• **Exercise prompt**: Output, exactly as written, the lines below starting at the line containing "Figure 1: Comparison" and ending at the line containing "This dish combines". Drop the pictures and keep both end lines.

-- Input records follows --

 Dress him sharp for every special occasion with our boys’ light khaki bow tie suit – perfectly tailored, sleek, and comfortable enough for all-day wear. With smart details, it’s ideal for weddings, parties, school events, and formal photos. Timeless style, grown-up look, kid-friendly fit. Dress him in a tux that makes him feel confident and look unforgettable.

-- Input records concluded --
-- Input records follows --

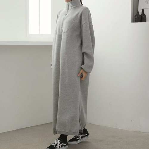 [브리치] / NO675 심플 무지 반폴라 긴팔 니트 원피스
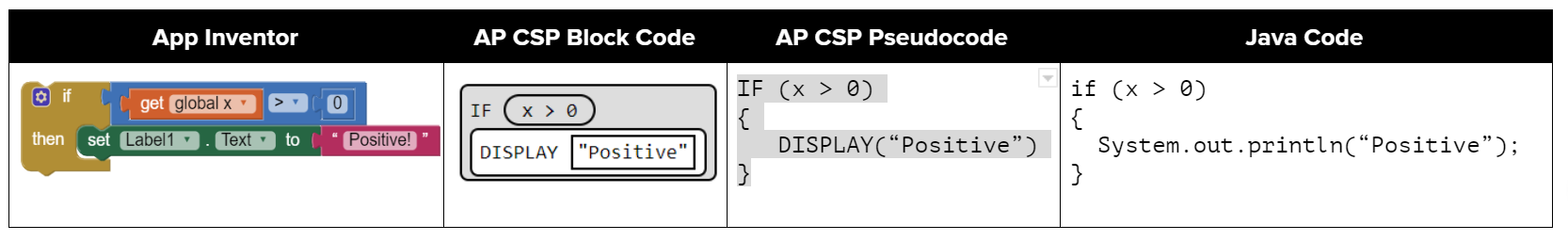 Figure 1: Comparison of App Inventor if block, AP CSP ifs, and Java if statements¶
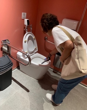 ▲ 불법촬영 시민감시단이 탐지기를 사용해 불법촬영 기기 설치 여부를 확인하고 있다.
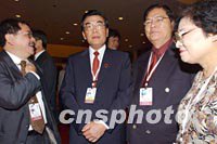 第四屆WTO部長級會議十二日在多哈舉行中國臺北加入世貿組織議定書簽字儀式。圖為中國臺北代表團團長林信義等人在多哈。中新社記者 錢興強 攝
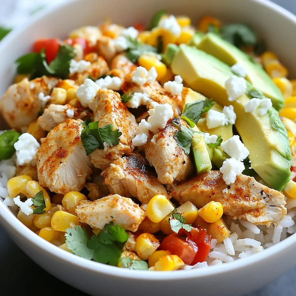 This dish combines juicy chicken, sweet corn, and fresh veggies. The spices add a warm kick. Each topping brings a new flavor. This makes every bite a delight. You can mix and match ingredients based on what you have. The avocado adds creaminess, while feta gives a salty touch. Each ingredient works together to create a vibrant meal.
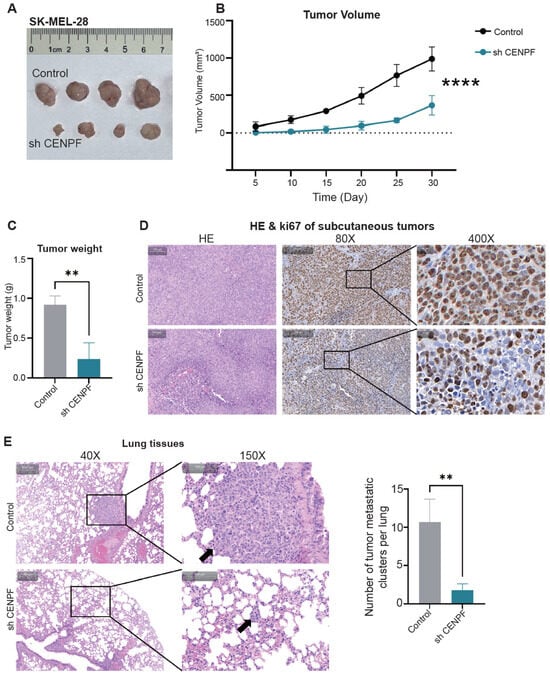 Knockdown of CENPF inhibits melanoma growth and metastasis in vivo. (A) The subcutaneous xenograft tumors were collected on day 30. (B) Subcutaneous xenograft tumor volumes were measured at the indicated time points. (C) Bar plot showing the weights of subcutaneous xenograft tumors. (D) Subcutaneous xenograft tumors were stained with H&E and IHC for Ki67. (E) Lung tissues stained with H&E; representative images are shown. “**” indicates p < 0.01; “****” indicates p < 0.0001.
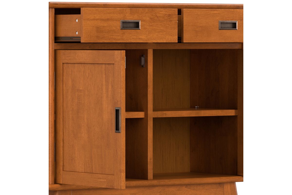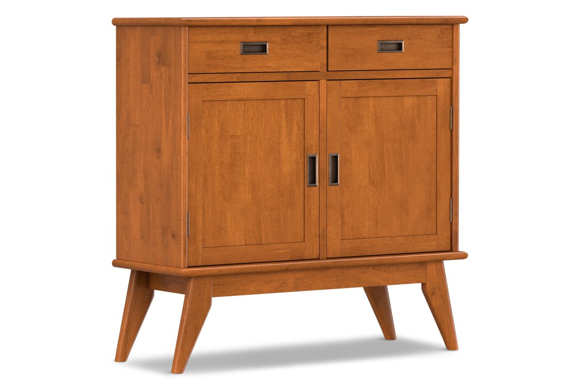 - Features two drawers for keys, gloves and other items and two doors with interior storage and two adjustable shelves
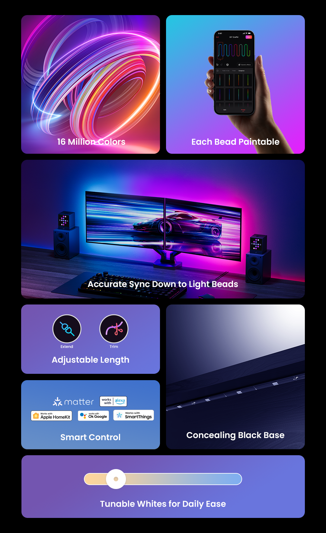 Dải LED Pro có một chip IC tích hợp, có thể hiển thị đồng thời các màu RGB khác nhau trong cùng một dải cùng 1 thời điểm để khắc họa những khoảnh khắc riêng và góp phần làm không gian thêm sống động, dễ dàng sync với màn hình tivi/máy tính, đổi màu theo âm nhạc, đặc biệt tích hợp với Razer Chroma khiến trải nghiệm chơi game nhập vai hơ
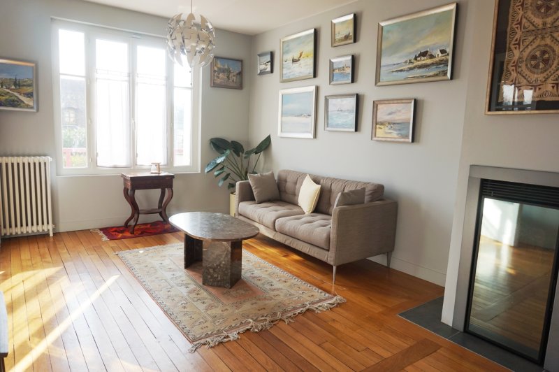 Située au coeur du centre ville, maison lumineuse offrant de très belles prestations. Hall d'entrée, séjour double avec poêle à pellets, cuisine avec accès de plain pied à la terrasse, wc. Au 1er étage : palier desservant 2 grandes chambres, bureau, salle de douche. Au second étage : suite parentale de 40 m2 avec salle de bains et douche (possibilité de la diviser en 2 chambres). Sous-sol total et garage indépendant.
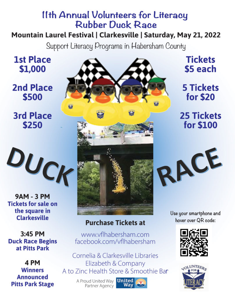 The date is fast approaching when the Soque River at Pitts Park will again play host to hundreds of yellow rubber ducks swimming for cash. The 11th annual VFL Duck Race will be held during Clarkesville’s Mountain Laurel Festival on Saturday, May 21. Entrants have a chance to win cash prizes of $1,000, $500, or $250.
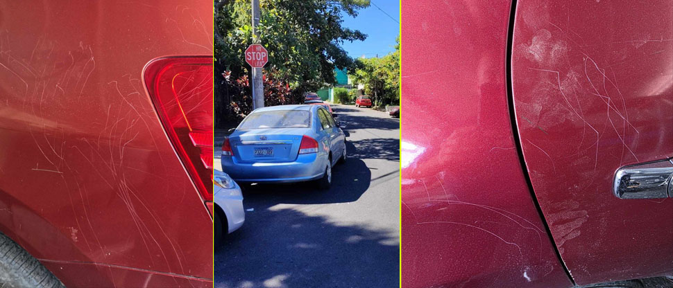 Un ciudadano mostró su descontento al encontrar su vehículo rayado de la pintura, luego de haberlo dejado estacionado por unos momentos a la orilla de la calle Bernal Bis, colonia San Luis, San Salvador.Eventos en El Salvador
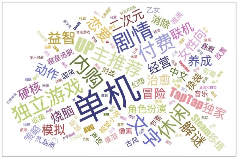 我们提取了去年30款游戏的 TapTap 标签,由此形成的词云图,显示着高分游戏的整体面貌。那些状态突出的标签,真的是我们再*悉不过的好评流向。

-- Input records concluded --

• **Result of the exercise**:
 Figure 1: Comparison of App Inventor if block, AP CSP ifs, and Java if statements¶
 ▲ 불법촬영 시민감시단이 탐지기를 사용해 불법촬영 기기 설치 여부를 확인하고 있다.
 第四屆WTO部長級會議十二日在多哈舉行中國臺北加入世貿組織議定書簽字儀式。圖為中國臺北代表團團長林信義等人在多哈。中新社記者 錢興強 攝
 This dish combines juicy chicken, sweet corn, and fresh veggies. The spices add a warm kick. Each topping brings a new flavor. This makes every bite a delight. You can mix and match ingredients based on what you have. The avocado adds creaminess, while feta gives a salty touch. Each ingredient works together to create a vibrant meal.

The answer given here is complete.